The exclusivity provision of the Workers’ Compensation Act bars a cause of action against an insurer for the bad faith processing of a workers’ compensation claim. DeOliveira v.  Liberty Mutual Ins. Co., 273 Conn. 487 (2005).

  1. Are there any penalties against the employer for unsafe working conditions?

If an employee is injured due to the employer’s violation of any state or federal OSHA regulation for which the employer has previously been cited but has not corrected, the employee shall receive weekly compensation equal to 100% of such employee’s average weekly earnings. C.G.S. §31-307(b).

  1. What is the penalty, if any, for an injured minor?

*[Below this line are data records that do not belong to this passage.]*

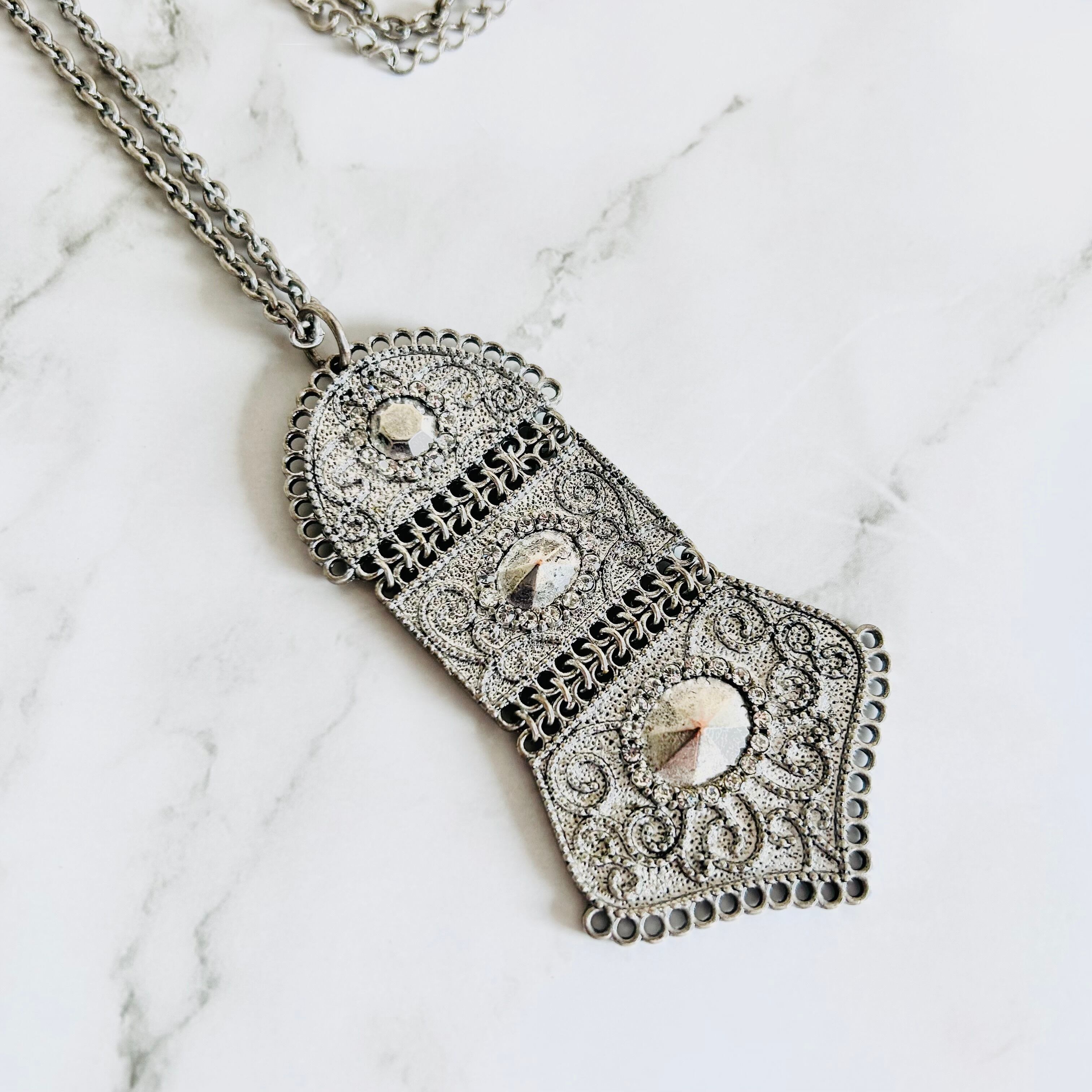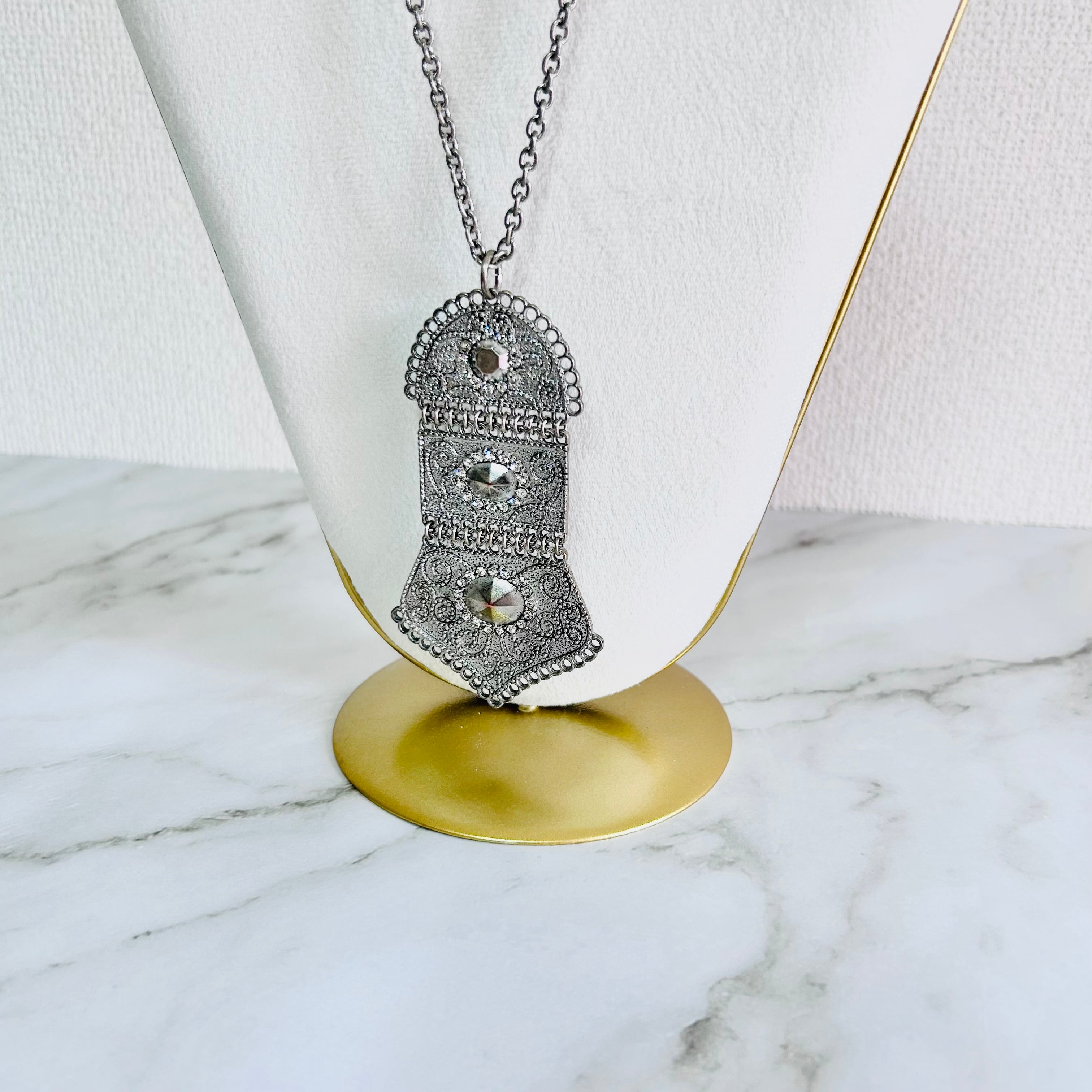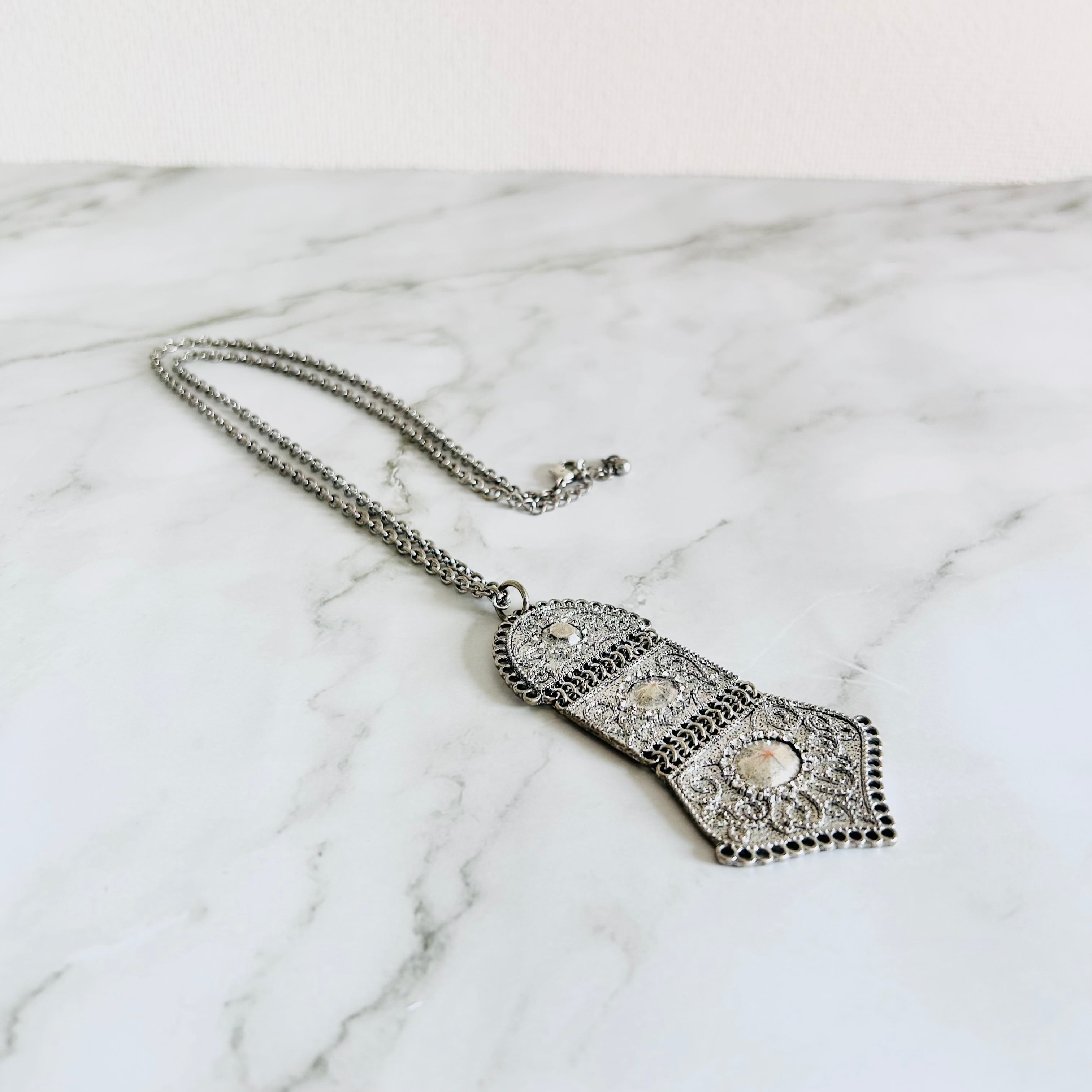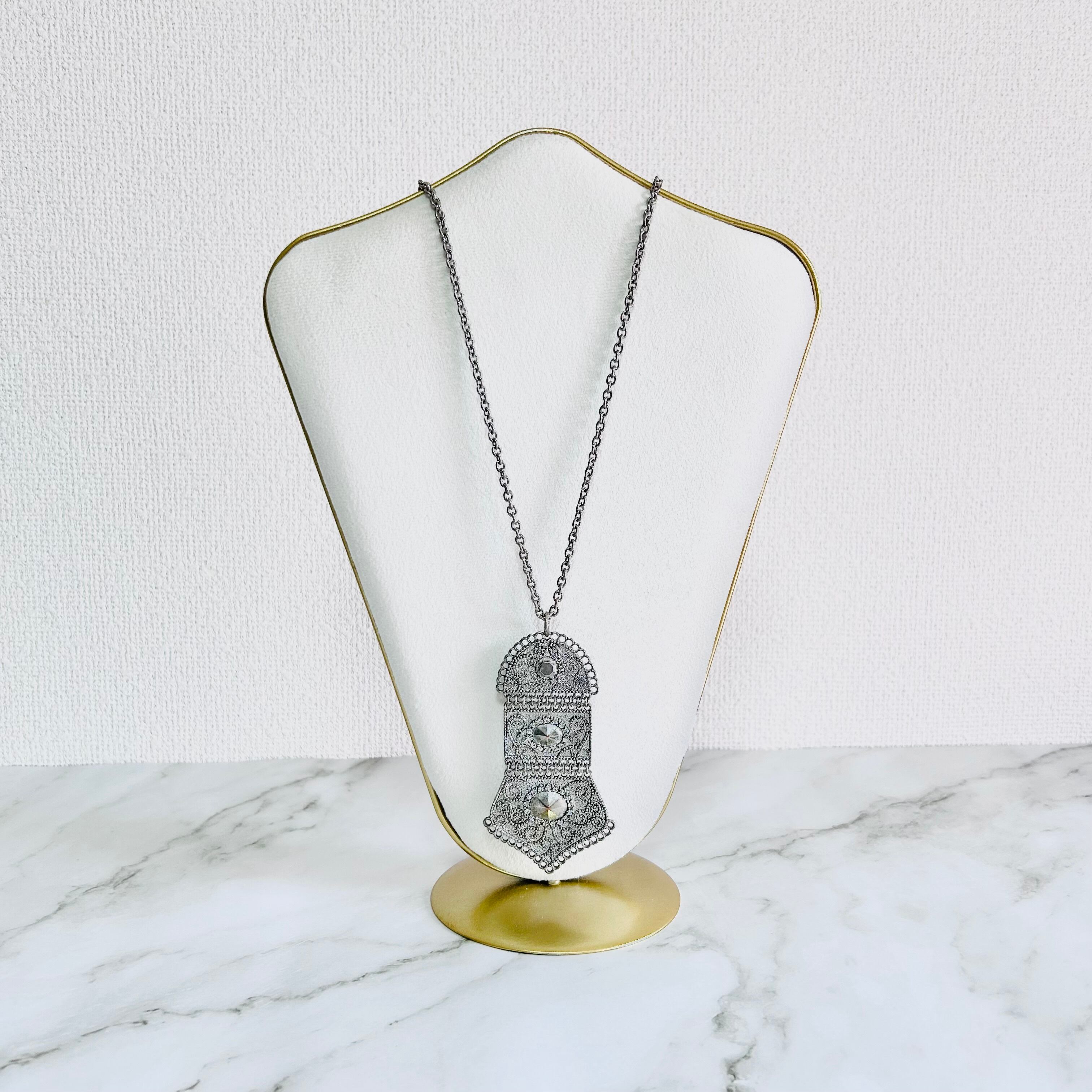 アンティークシルバーの重厚感と、繊細な模様が魅力のロングネックレスです。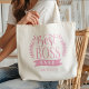 Surprise your boss with this personalised tote bag! This tote is the perfect gift for a special boss and features the phrase “Best Boss Ever.” It’s ideal for carrying all her essentials. Simply click on 'personalise this design' to add her name, and Zazzle will take care of the rest!
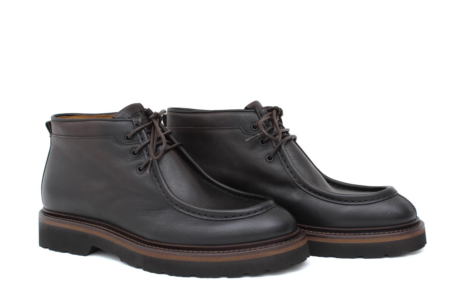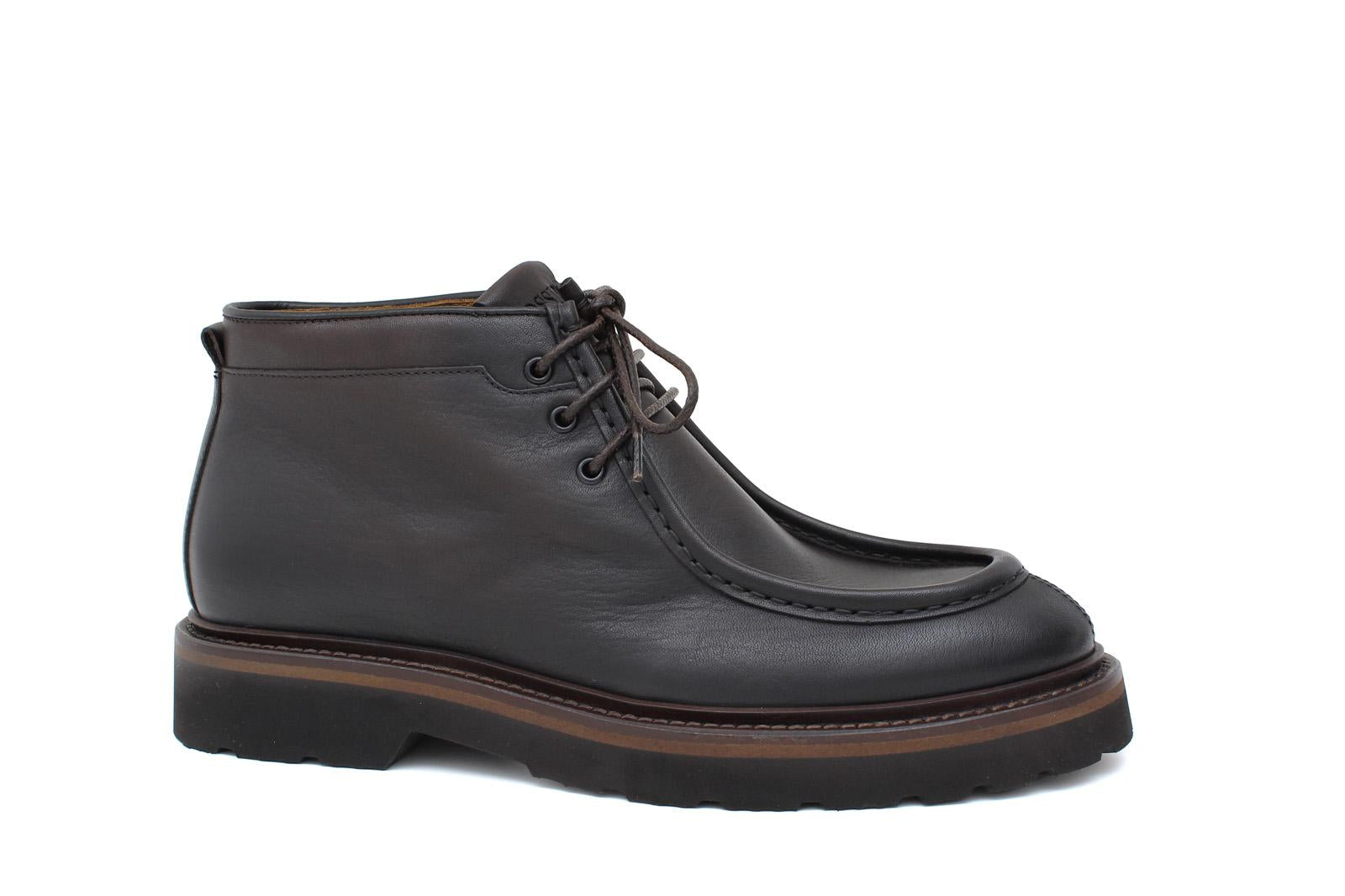 Polacchino stringato modello ingegnere in vitello nabuk anticato testa di moro con fondo in gomma leggera

There is no specific penalty for an injured minor, although the commissioner has certain discretion with respect to establishing the rate of compensation. “For the purpose of determining the amount of compensation to be paid in the case of a minor under the age of 18 years who has sustained an injury entitling him to compensation for total or partial incapacity for a period of 52 or more weeks, or to specific indemnity for any injury … , the commissioner may add 50% to his average weekly wage, except in the case of a minor under 16 years of age, in which case the commissioner may add 100% to his average weekly wage.” C.G.S. §31-310.

  1. What is the potential exposure for “bad faith” claims handling?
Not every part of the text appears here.